3.3. Conclusion on the Delimitis tests

(63) GPC does not operate a network of "restrictive" agreements, including its standard lease agreements, that contribute significantly to the foreclosure of the United Kingdom on-trade beer market; nor can their standard lease agreements be considered, in view of the beer-supply agreements with brewers, to form part of such a "supplying" brewer's tied network.

4. Conclusion

(64) The exclusive purchasing and non-competition obligations contained in the notified Leases after 28 March 1998 fall outside the scope of Article 81(1).
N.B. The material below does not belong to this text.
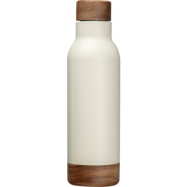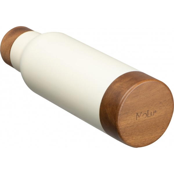 Double-walled thermal bottle made of recycled stainless steel with acacia wood cap and bottom. Capacity 630 ml

5. Restrictive effect on competition of the advertising clause

(65) The notified leases contain a clause which states that the lessee should avoid advertising goods supplied by other undertakings in a higher proportion than the share of those goods in the total turnover realised in the premises (hereinafter "the advertising clause").
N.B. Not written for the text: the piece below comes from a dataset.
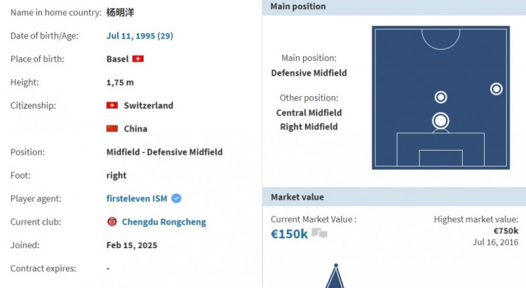 楊明洋,1995年7月11日出生于瑞士巴塞爾,2021年回歸中國籍,司職防守型中場。2024賽季,楊明洋代表南通支云出戰(zhàn)24場,貢獻了2次助攻。

(66) Whether or not the advertising clause falls within the scope of Article 81(1) of the Treaty is only relevant to the market for the distribution of beer. With regard to all other neighbouring markets for the supply of goods to on-licensed premises in the United Kingdom, such as non-beer drinks, crisps and amusement machines, the clause is not restrictive. The Leases, in the absence of an exclusive purchasing obligation and a non-competition obligation for the supply of such products, do not restrict competition on such markets, if such were considered to exist, to an appreciable extent by the mere imposition of an advertising clause.

(67) With regard to the supply of beer, the advertising clause has the object of limiting the lessee's ability to advertise the beer supplied by particular undertakings. The only beer that a GPC lessee is entitled, pursuant to his Lease, to buy from undertakings other than the nominated suppliers is the guest beer and beer of non-specified types. In particular, brands of beer of non-specified types may not be well known to the United Kingdom consumer and therefore would require specific on-the-spot advertising. The letter of the clause would make advertising for these new products impossible, as the clause requires the advertising to be proportionate to the turnover of these goods, which by definition, is virtually zero as the goods are new.
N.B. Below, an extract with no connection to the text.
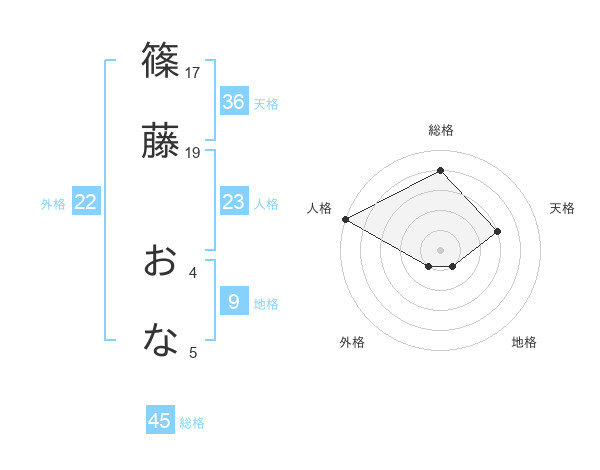 篠藤 おなさんの総格は45画の4点!

(68) The exclusive purchase obligation contained in the beer tie allows GPC to exclude any third-party beer from being offered by the lessee merely by adding it to the price list as a specified beer (see recital 47). As demonstrated at recital 64, this beer tie falls outside the scope of Article 81(1) of the Treaty. It follows that an advertising clause which can make advertising for such third-party beer impossible cannot be caught by Article 81(1) of the Treaty either.

(69) In any event, the Commission possesses no information to the effect that the advertising clause has been applied. On the contrary, GPC confirmed in a letter dated 29 June 1999 that, "IPCL/Spring did not enforce the clause in the lease allowing for advertising of product" and further in a letter of 15 March 2000, whereby GPC also confirms that it has no intention of enforcing this clause in the future, "this is apparent from the fact that lessees have the freedom to advertise, promote and market according to the marketing mix of their choice of brewers' products as appropriate to their business plan".

(70) It follows that the advertising clause falls outside the scope of Article 81(1) of the Treaty,


Article 1

On the basis of the facts in its possession, the Commission has no grounds for action under Article 81(1) of the Treaty in respect of the notified agreements for the period after 28 March 1998.

Article 2

This Decision is addressed to The Grand Pub Company Ltd, c/o Mill House, Aylesbury Road, Thame, Oxfordshire OX9 3AT, United Kingdom.

Done at Brussels, 29 June 2000.

For the Commission

Mario Monti

Member of the Commission

(1) OJ 13, 21.2.1962, p. 204/62.

(2) OJ L 148, 15.6.1999, p. 5.

(3) OJ C 133, 30.4.1998, p. 23 for both cases for the situation after 28 March 1998.

(4) On-licensed premises are those which are licensed to sell alcoholic beverages for consumption on and off the premises as opposed to off-licensed premises such as supermarkets which are licensed for off-premises consumption only.

(5) OJ L 173, 30.6.1983, p. 5.

(6) OJ L 214, 6.8.1997, p. 27.

(7) OJ C 374, 10.12.1997, p. 11 for Case IV/36.456/F3 - Inntrepreneur; OJ C 61, 26.2.1998, p. 3 for Case IV/36.492/F3 - Spring.

(8) The United Kingdom Government extended the scope by also allowing for one bottle-conditioned beer from 1 April 1998.

(9) The Commission does not have precise information on the market shares of the other United Kingdom brewers. Nevertheless, it does not estimate that the HHI for all brewers would reach the 1800 mark as from which a market is considered to be "highly concentrated".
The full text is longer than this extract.